FIG. 3 shows that the intraocular pressure (“IOP”) in a heterozygous VE-PTP mouse or combination Tie2/VE-PTP heterozygous mouse approaches the normal levels seen in the control, and is much less than the Tie2 knockout mouse. - The VE-PTP heterozygous mouse is derived in this embodiment from a WT-LacZ mouse from Charles River in which a VE-PTP-null allele was introduced to create a “VE-PTPLacZ/WT” mouse.
- This demonstrates that rescue from the glaucoma phenotype occurs with a VE-PTP-null allele introduction in a Tie2 heterozygous mouse.

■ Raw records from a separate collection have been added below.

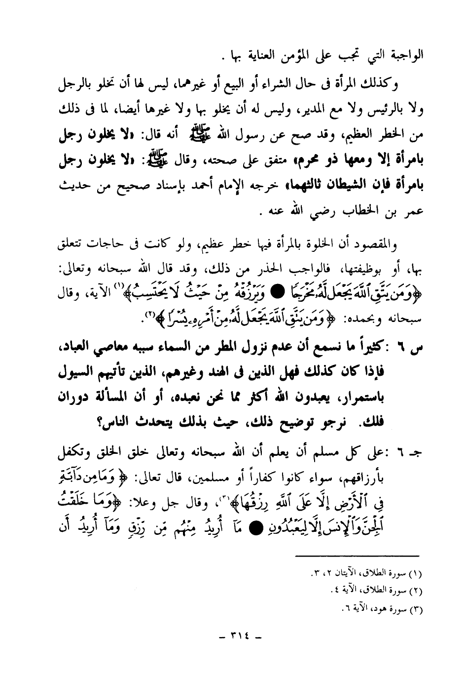 والمقصود أن الخلوة بالمرأة فيها خطر عظيم، ولو كانت في حاجات تتعلق بها، أو بوظيفتها. فالواجب الحذر من ذلك، وقد قال الله سبحانه وتعالى: {وَمَنْ يَتَّقِ اللَّهَ يَجْعَلْ لَهُ مَخْرَجًا} (¬3) {وَيَرْزُقْهُ مِنْ حَيْثُ لَا يَحْتَسِبُ} (¬4) الآية، وقال سبحانه وبحمده: {وَمَنْ يَتَّقِ اللَّهَ يَجْعَلْ لَهُ مِنْ أَمْرِهِ يُسْرًا} (¬5) س6: كثيرا ما نسمع أن عدم نزول المطر من السماء سببه معاصي العباد، فإذا كان كذلك فهل الذين في الهند وغيرهم، الذين تأتيهم السيول باستمرار، يعبدون الله أكثر مما نحن نعبده، أو أن المسألة دوران فلك ... نرجو توضيح ذلك، حيث بذلك يتحدث الناس؟ .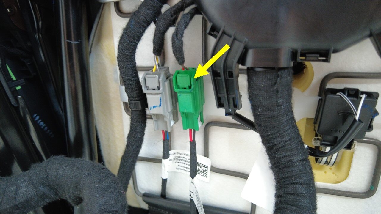 断开座椅靠背加热器连接器,然后将连接器从座椅底部分离。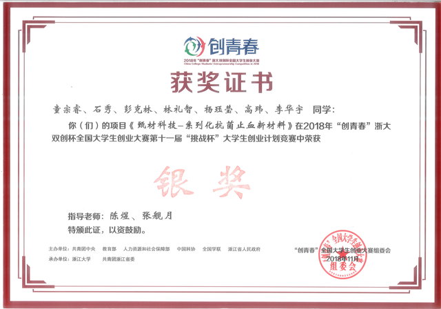 2018年11月3日,材料学院的“甄材科技——系列化抗菌止血新材料”项目在刚刚结束的2018年 “创青春”全国大学生创业大赛第十一届“挑战杯”大学生创业计划竞赛中,荣获银奖,创学院在该比赛取得的最好成绩。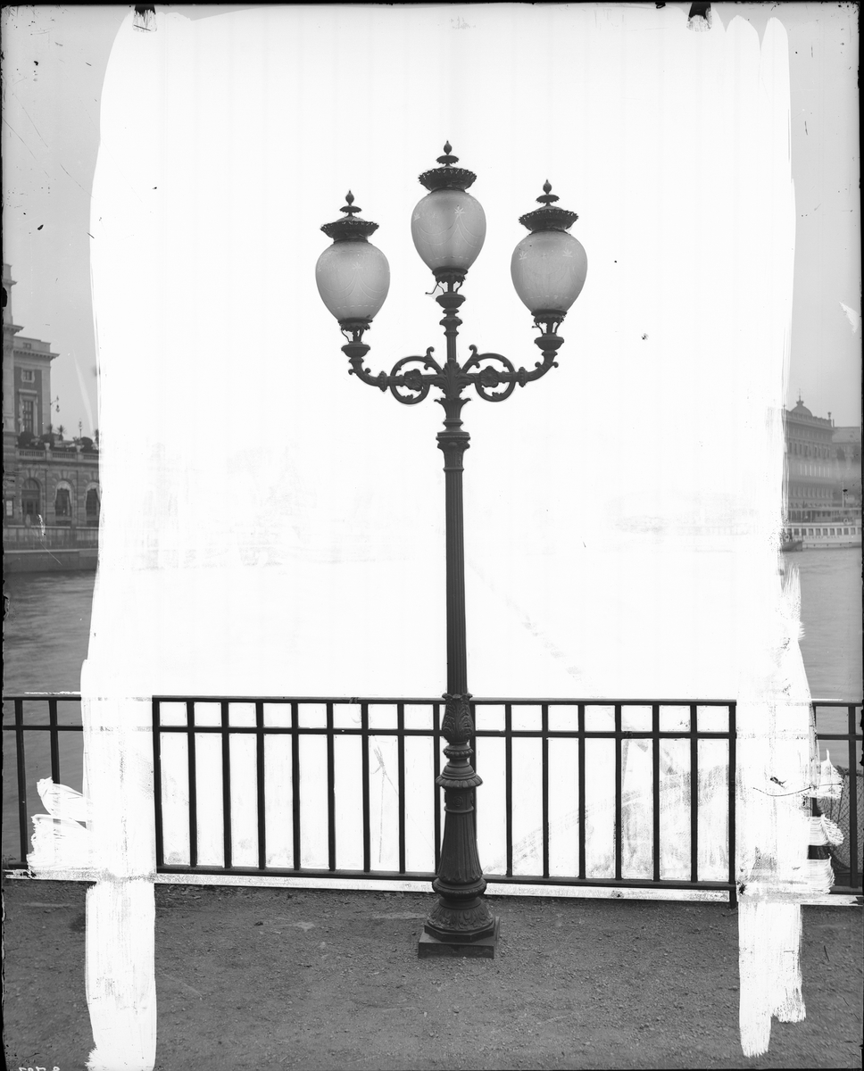 Stolpe med tre gaslyktor. Retuscherad bild.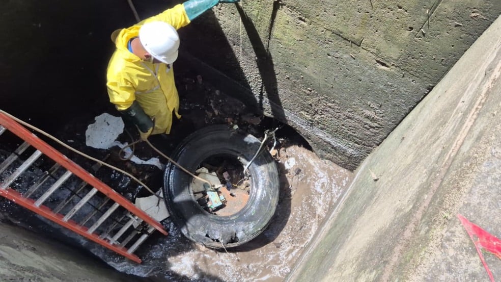 De acordo com a Secretaria Municipal de Obras (SMO), o bloqueio da canalização foi causado principalmente pelo descarte irregular de um pneu de caminhão, além de outros resíduos acumulados na estrutura de drenagem.
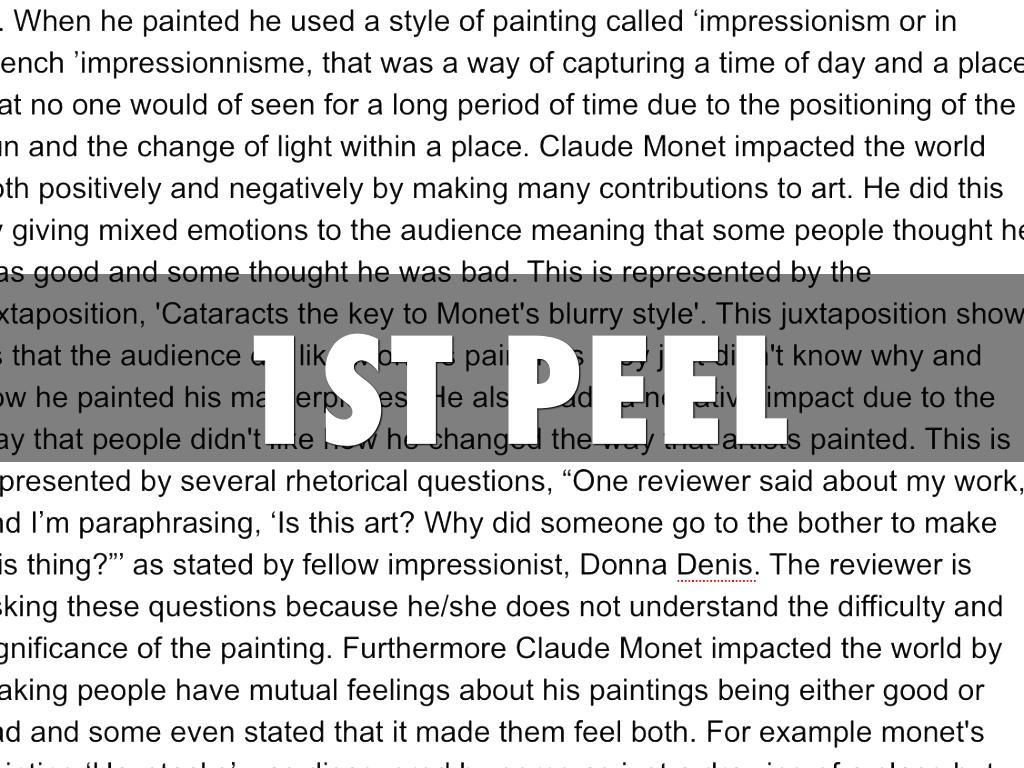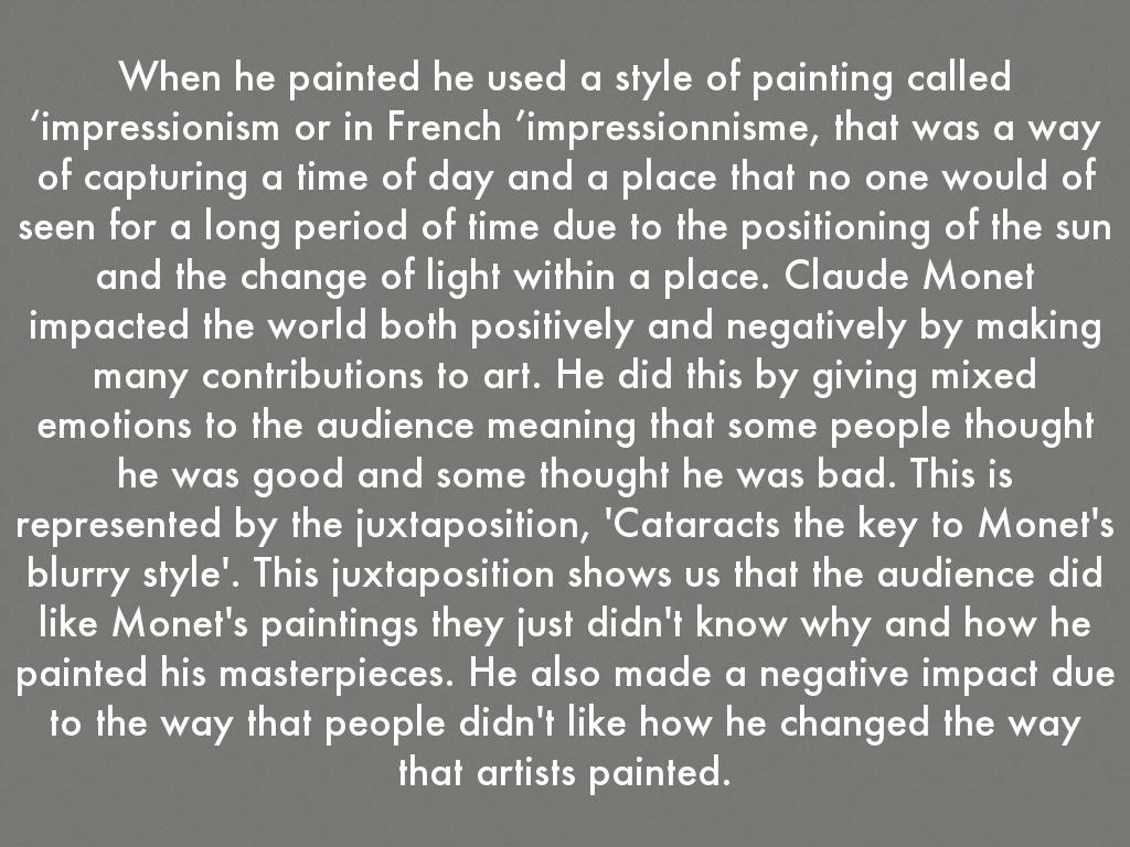 When he painted he used a style of painting called ‘impressionism or in French ’impressionnisme, that was a way of capturing a time of day and a place that no one would of seen for a long period of time due to the positioning of the sun and the change of light within a place. Claude Monet impacted the world both positively and negatively by making many contributions to art. He did this by giving mixed emotions to the audience meaning that some people thought he was good and some thought he was bad. This is represented by the juxtaposition, 'Cataracts the key to Monet's blurry style'. This juxtaposition shows us that the audience did like Monet's paintings they just didn't know why and how he painted his masterpieces. He also made a negative impact due to the way that people didn't like how he changed the way that artists painted.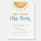 This "Here comes the son" baby shower welcome sign combines boho charm with a retro flair, making it an ideal choice for your sunshine-themed baby shower with yellow and blue tones. Celebrate in retro style and make your special day memorable.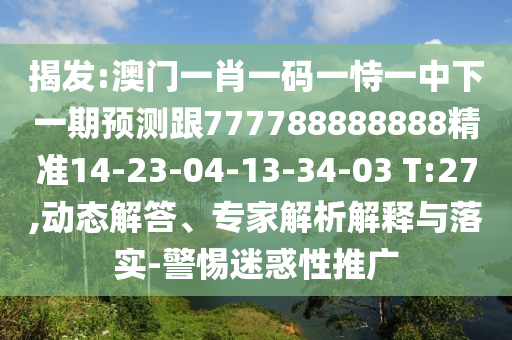 揭發:澳門一肖一碼一恃一中下一期預測跟777788888888精準14-23-04-13-34-03 T:27,動態解答、專家解析解釋與落實-警惕迷惑性推廣

- The knockout of VE-PTP, in the context of mediated Tie2, or Tie2 heterozygous mice, rescues a mouse from the phenotype of increased LOP (i.e. with decreased VE-PTP, LOP is normal, and therefore mice don't have glaucoma symptoms of increased LOP).
-
FIG. 4a is a comparison of phenotypic appearance of eyes and histological cross-section of Schlemm's canal in control mice, Ang1/2 conditional knockout mice and Ang1/2/VE-PTP conditional knockout (“3KO”) mice. -
FIG. 4b is a comparison of intraocular pressure measurements in control mice, conditional VE-PTP knockout mice, Ang1/2 conditional knockout mice and Ang1/2/VE-PTP conditional knockout (“3KO”) mice. - Angpt1/2 conditional double knockout mice completely lack Schlemm's canal, and have protruding eyes compared to the control mice. Intraocular pressure (“IOP”) measurements confirm these phenotypic and histological results, since Angpt1/2 conditional knockout mice have elevated pressure while control and VE-PTP conditional knockout mice are normal.
- As seen in
FIGS. 4a and b , Ang1/2 conditional knockout mice which additionally are VE-PTP conditional knockouts approach the normal phenotype for eyes, histological appearance of Schlemm's canal and intraocular pressure measurements. - When Ang1/Ang2 and VEPTP are all conditionally knocked out in mice, there is a rescue of normal LOP, versus a “glaucomatous” mouse when only Ang1 and Ang2 are knocked out and VE-PTP is still present.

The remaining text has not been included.